Uh, like nobody predicted this, right? As Gomer Pyle would say,
  "Surprise, surprise, surprise!"


"Popular Belkin Wi-Fi routers plagued by unpatched security flaws" (Lucian Constantin)

Gene Wirchenko <genew@telus.net>
Thu, 03 Sep 2015 09:19:42 -0700
Lucian Constantin (credit: Michael Homnick), PC World, 1 Sep 2015,
ISP-provided routers are full of security vulnerabilities
Attackers could exploit the flaws to hijack DNS requests or
completely take over affected devices
http://www.infoworld.com/article/2978777/networking/popular-belkin-wi-fi-routers-plagued-by-unpatched-security-flaws.html

opening text:

If your Wi-Fi network is using the popular Belkin N600 DB router, be warned:
it may have several vulnerabilities that could allow hackers to take it
over.


Act Now To Save WiFi From The FCC

Henry Baker <hbaker1@pipeline.com>
Wed, 02 Sep 2015 10:12:56 -0700
FYI—The FCC wants to *ban open-source firmware for your wifi router*.
Note that although this rule supposedly affects only 5GHz, it would affect
*ALL* routers because no one is going to make a 2.4GHz-only router.

Brian Benchoff, Save WiFi: Act Now To Save WiFi From The FCC, 2 Sep 2015
http://hackaday.com/2015/09/02/save-wifi-act-now-to-save-wifi-from-the-fcc/

Right now, the FCC is considering a proposal to require device manufacturers
to implement security restricting the flashing of firmware.  We posted
something about this a few days ago, but completely missed out on a call to
action.  Contrary to conventional wisdom, we live under a system of
participatory government, and there is still time to convince the FCC this
regulation would stifle innovation, make us less secure, and set back
innovation in the United States decades.

  [Henry also goes on to excerpt from the following items, truncated for
  RISKS, but URLs left for those readers who might be documenting this.]

http://hackaday.com/2015/08/31/fcc-introduces-rules-banning-wifi-router-firmware-modification/
https://libreplanet.org/wiki/Save_WiFi/Individual_Comments
https://apps.fcc.gov/kdb/GetAttachment.html?id=1UiSJRK869RsyQddPi5hpw%3D%3D&descY4280%20D02%20U-NII%20Device%20Security%20v01r02&tracking_number9498
https://www.federalregister.gov/articles/2015/08/06/2015-18402/equipment-authorization-and-electronic-labeling-for-wireless-devices
https://www.federalregister.gov/articles/2015/08/06/2015-18402/equipment-authorization-and-electronic-labeling-for-wireless-devices
http://hackaday.com/2015/08/31/fcc-introduces-rules-banning-wifi-router-firmware-modification/
https://apps.fcc.gov/kdb/GetAttachment.html?id=1UiSJRK869RsyQddPi5hpw%3D%3D&descY4280%20D02%20U-NII%20Device%20Security%20v01r02&tracking_number9498
https://apps.fcc.gov/oetcf/kdb/forms/FTSSearchResultPage.cfm?id9498&switch=P


Two-Factor Authentication Phishing From Iran

Lauren Weinstein <lauren@vortex.com>
Thu, 27 Aug 2015 14:39:37 -0700
Citizen Lab via NNSquad
https://citizenlab.org/2015/08/iran_two_factor_phishing/

  This report describes an elaborate phishing campaign against targets in
  Iran's diaspora, and at least one Western activist.
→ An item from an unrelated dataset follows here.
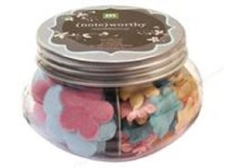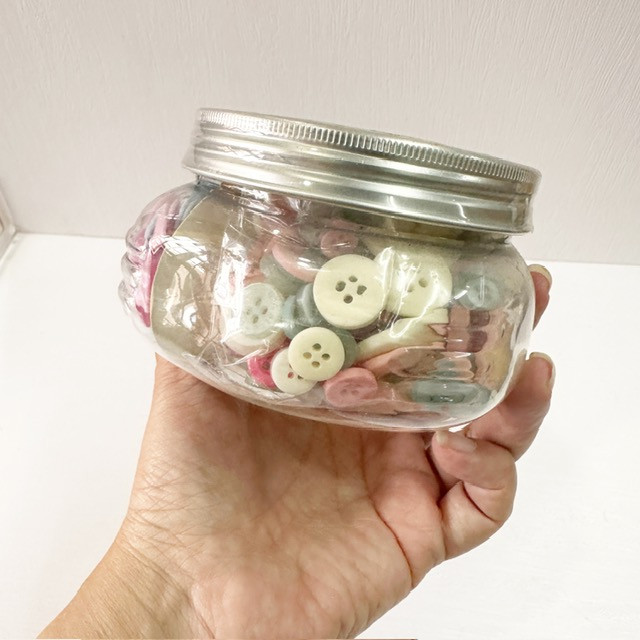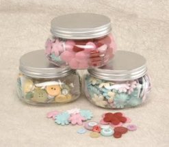 - Buttons, paper flowers & embossed felt flowers packaged in a cute reusable plastic jar.

The ongoing attacks
  attempt to circumvent the extra protections conferred by two-factor
  authentication in Gmail, and rely heavily on phone-call based phishing and
  "real time" login attempts by the attackers. Most of the attacks begin
  with a phone call from a UK phone number, with attackers speaking in
  either English or Farsi.  The attacks point to extensive knowledge of the
  targets' activities, and share infrastructure and tactics with campaigns
  previously linked to Iranian threat actors. We have documented a growing
  number of these attacks, and have received reports that we cannot confirm
  of targets and victims of highly similar attacks, including in Iran.  The
  report includes extra detail to help potential targets recognize similar
  attacks. The report closes with some security suggestions, highlighting
  the importance of two-factor authentication.


Heidelberg Laureate Forum on data collection (Katherine Noyes)

"ACM TechNews" <technews@hq.acm.org>
Mon, 31 Aug 2015 12:13:10 -0400 (EDT)
Katherine Noyes, Orange Hosting, IDG News Service (08/26/15)
via ACM TechNews, Monday, August 31, 2015

Many of the world's top computer science experts met last week at the
Heidelberg Laureate Forum to determine how the widespread collection of data
about consumers can be prevented from causing harm in the future.  Much of
today's data collection happens on the websites people visit, and that can
spill over into surveillance by governments, according to the Electronic
Frontier Foundation's (EFF) Jeremy Gillula.  Most of the participants at the
forum agreed there is a need for better mechanisms for protecting
individuals' privacy, as well as for more transparency on the part of those
collecting and using the data.  "We need a policy approach" that offers not
just privacy by design, but privacy by default, says Carnegie Mellon
University professor Alessandro Acquisti.  Although public policy and
legislation are one approach to the problem, some experts do not see much
reason for optimism in that direction.  The EFF already has published a "Do
Not Track" policy, which organizations can adopt, and it is working on a
Privacy Badger, a browser extension for Firefox and Chrome that blocks
spying ads and invisible trackers.  The EFF also advocates end-to-end
encryption because government agencies cannot do mass surveillance if all
the data is encrypted, according to Gillula.
http://orange.hosting.lsoft.com/trk/click?ref=znwrbbrs9_5-e0a0x2d36fx063635&


No gigabyte nets for autonomous vehicles (via Dave Farber)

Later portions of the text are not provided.